I read a lot in a day. I kind of have to, it’s an (healthy) addiction of mine.

Now, this isn’t some kind of boast. I don’t necessarily read the most intellectual stuff – 90% of all that I read is basketball-related – but this does mean that I’m wired to receive only useful and/or interesting content.

Bang for buck matters. And even if the point or format of your article is long-form in nature, the journey had better be an absorbing one.

And yet, there are some avenues, which are supposed to be enlightening, that increasingly end in utter disappointment. I recently attended a few panel discussions at a large conference that left me with several instances of rolled eyes and lots of muttering under my breath.

I don’t think I’ve spent 1.5 hours so wastefully since my NS days. Luckily, my ticket was free.

The panels were an abhorrent mix of Captain Obvious’ greatest hits and a multitude of PR messaging*. I go to these things to learn, but I did. not. get. a. single. piece. of. useful. information.

(*PR messaging is basically what communications departments tell their spokespeople to push when they’re on stage: stuff like key stats and figures, and one or two key pointers such as “champion data sharing” or “emphasize our community development efforts”)

You don’t have to be Steve Ballmer-levels of entertaining, but I wouldn’t mind it.

It was like being in a one-way conversation in which I was just a receptacle for gibberish. And maybe it’s just me, but I actually have a physical reaction to an overload of this kind of crap – I got a headache that night, and I at least partially attribute it to the frustration I felt.

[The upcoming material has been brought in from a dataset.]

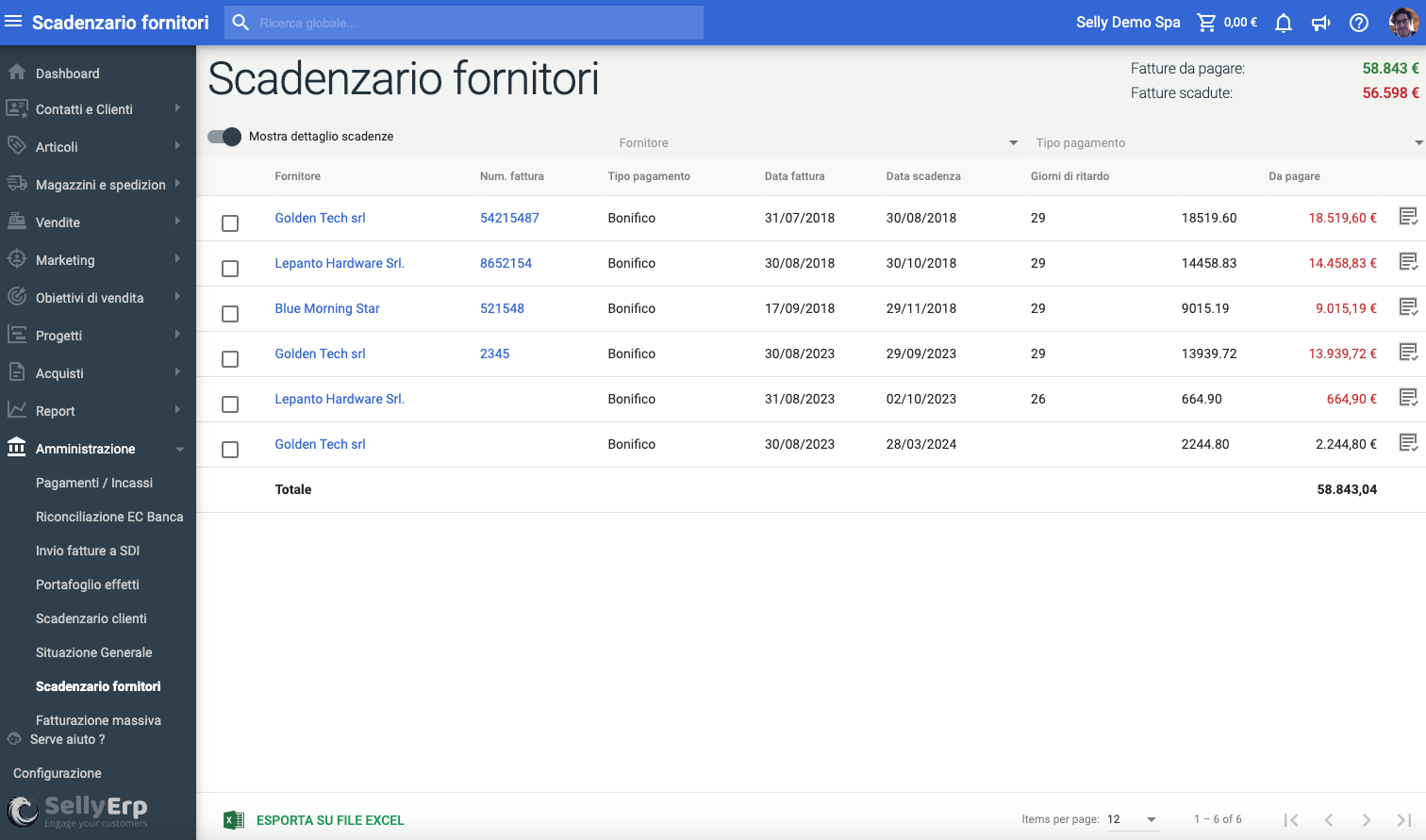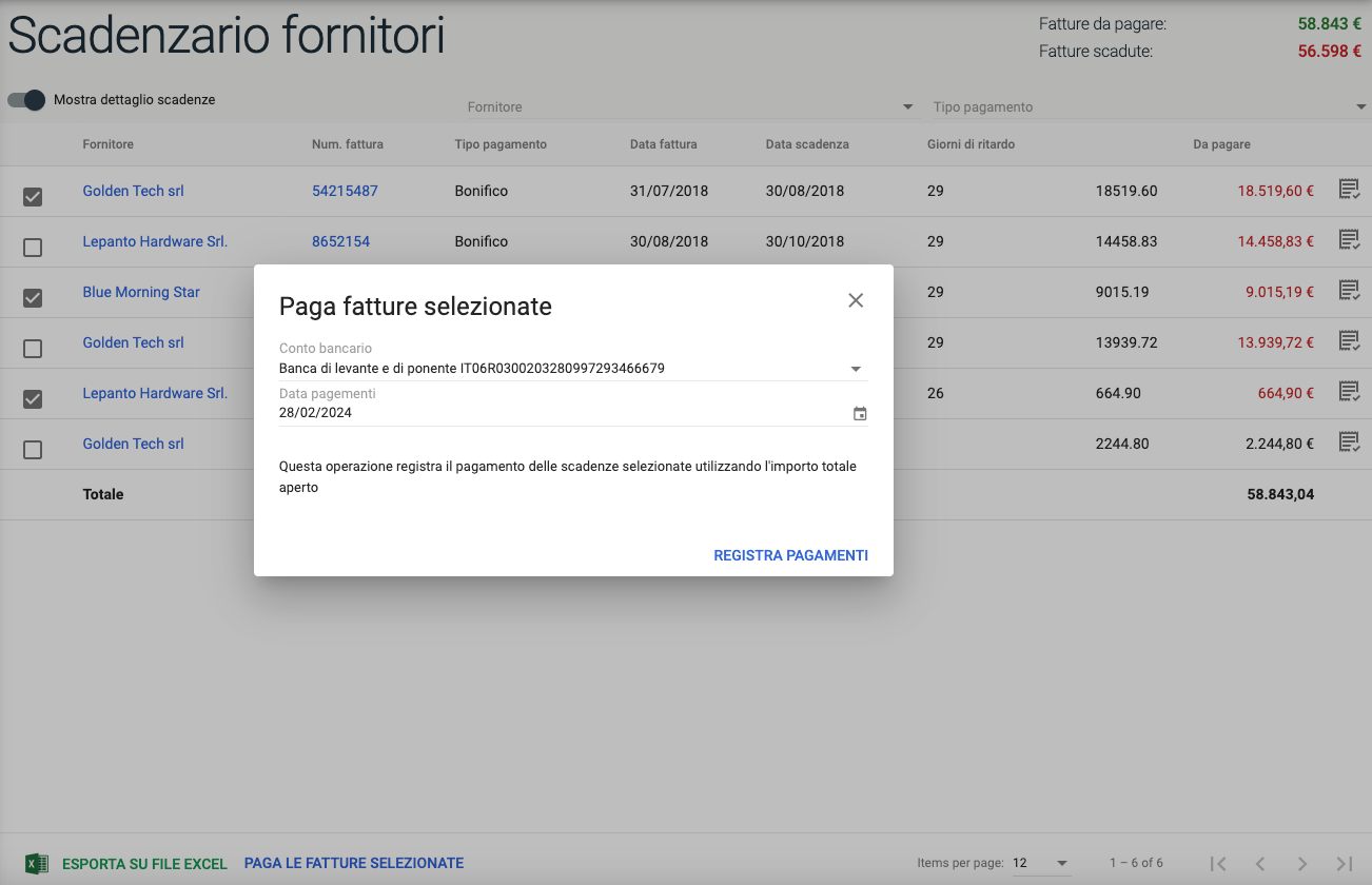 Nella parte superiore destra, possiamo vedere il totale delle fatture da pagare e l'importo delle fatture scadute.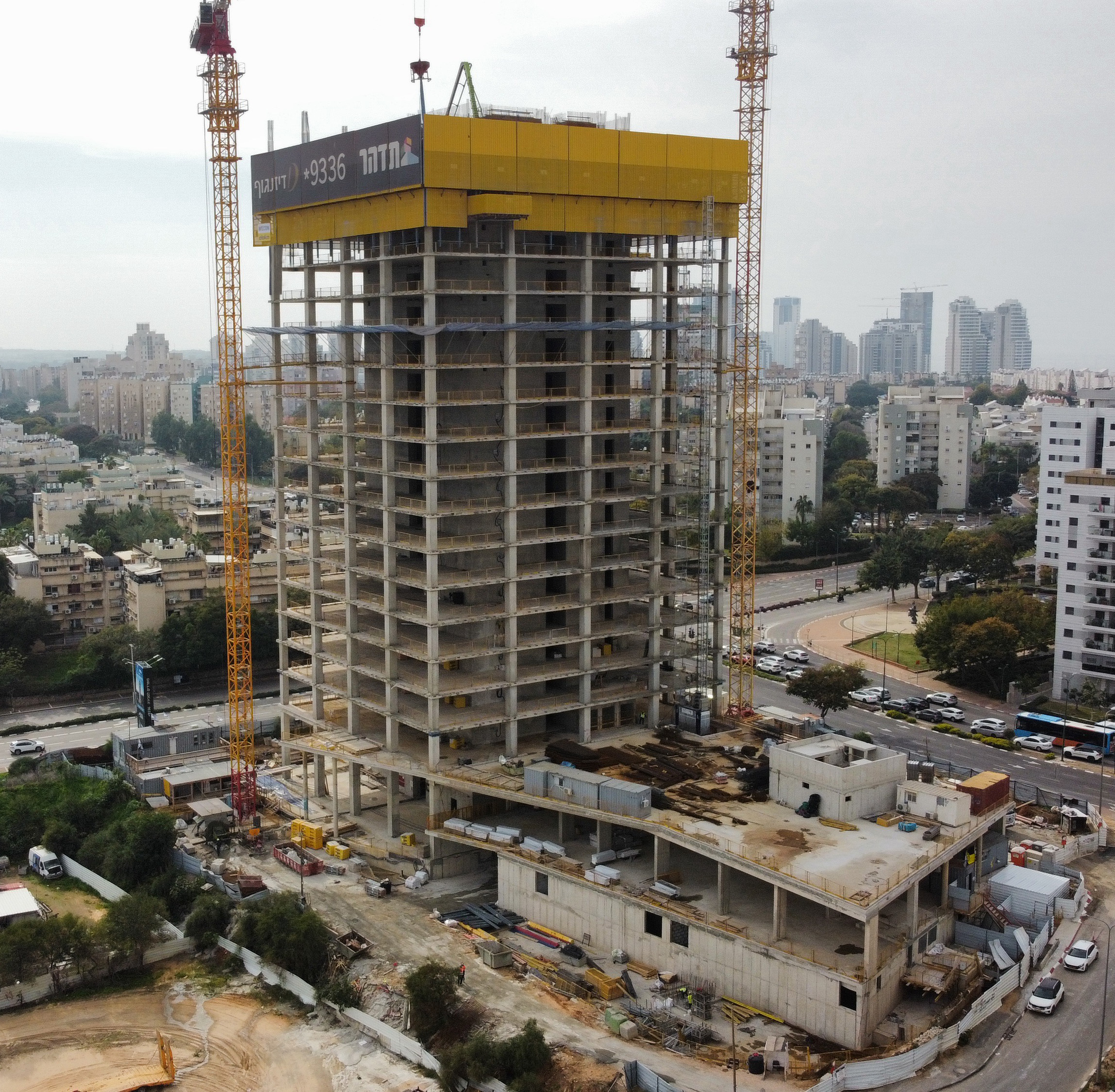בפרויקט מגדל רם בגובה 15 קומות טיפוסיות הוחלט שלא לטפס מראש עם הגרעין

I feel that the best learning opportunities are those in which you are an active participant. Conversation-making ability is incredibly valuable – it gets the other party involved.

And although you might say that that doesn’t apply to panel discussions or keynotes, I’d argue that it does, because in either case, there’s an audience. And a quick Google search for public speaking tips will always bring up the pointer that it’s all about the audience. You may be doing all the talking, but the content is for them.

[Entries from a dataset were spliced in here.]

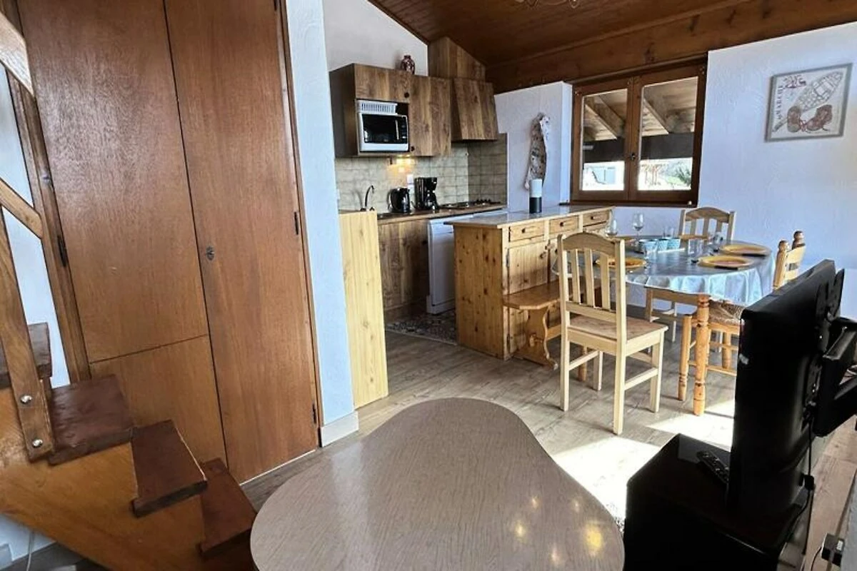 Circondato dalla serena bellezza delle Alpi francesi, questo grazioso appartamento con una camera da letto offre un rifugio accogliente per gli amanti dello sci e della natura. Situato al terzo piano, l'immobile vi invita ad abbracciare lo stile di vita alpino con i suoi interni caldi e il comodo accesso alle piste. Immaginate di svegliarvi con l'aria frizzante di montagna, uscire e attraversare la strada per raggiungere gli impianti di risalita di Reguet e la scuola di sci ESF, a pochi minuti di distanza. Che siate qui per gli sport invernali o per le escursioni estive, questo appartamento è la vostra porta d'accesso all'avventura. \n\nInternamente, lo spazio di 49 m² è progettato con cura per ospitare fino a sei persone. La camera da letto dispone di due letti singoli a castello, mentre una nicchia con un letto matrimoniale e un divano letto nel soggiorno offrono ulteriori opzioni. La cucina e la zona giorno a pianta aperta creano uno spazio accogliente per pasti condivisi e relax dopo una giornata sulle piste. Un bagno e una toilette separati garantiscono comfort e praticità, mentre il parcheggio privato e l'armadietto per gli sci aggiungono praticità al vostro soggiorno. A soli 500 metri dai negozi e dal centro di Notre-Dame-de-Bellecombe, troverete tutto ciò di cui avete bisogno a portata di mano. Esplorate i ristoranti locali, fate scorta di beni di prima necessità o semplicemente immergetevi nel fascino di questo pittoresco villaggio alpino. In estate, la regione si trasforma in un paradiso per escursionisti e ciclisti, con sentieri che si snodano attraverso paesaggi mozzafiato. Che siate alla ricerca di emozionanti giornate sugli sci o tranquille serate accanto al fuoco, questo appartamento è la base perfetta per creare indimenticabili ricordi alpini. Gli animali domestici sono benvenuti, il che lo rende la scelta ideale per famiglie e gruppi che desiderano godersi la montagna insieme.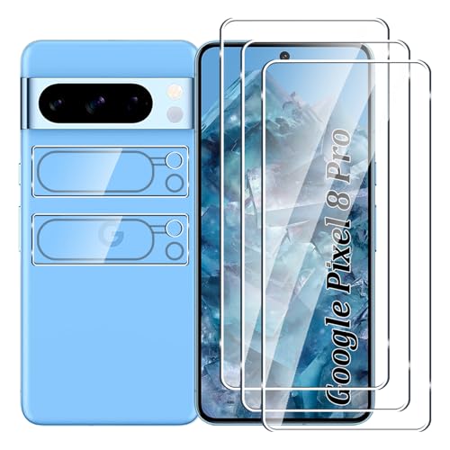 Fyqzio [3+2 stycken] Skärmskydd i härdat glas kompatibelt med Google Pixel 8 Pro och kamera,inga bubblor,9H hårdhet,anti-repa,HD skärmskydd för Google Pixel 8 Pro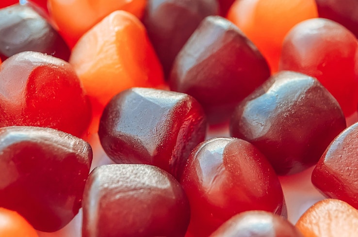 When we tested two brands of gummies at an independent lab in 2017, one product contained 56% sugar, the other 65%. That’s more than some similar-looking sweets – Haribo Gold Bears contain 45.6%.

There’s a greater onus on the speaker(s) to not talk out of their ass or just vomit out stats and figures. I can look those up on a computer on my own.


People need to think about what they want to say before they go out and do it. It has to be useful or at least entertaining, because even going neutral is a failure by default – the audience’s time would have been wasted.

Speaking isn’t easy – I wish I could do it better, myself. But I hope people come to realize that just having an agreeable accent or subject matter knowledge isn’t enough; if they aren’t sharing anything useful, it’s a bad talk.

And I really don’t need more headaches in my life.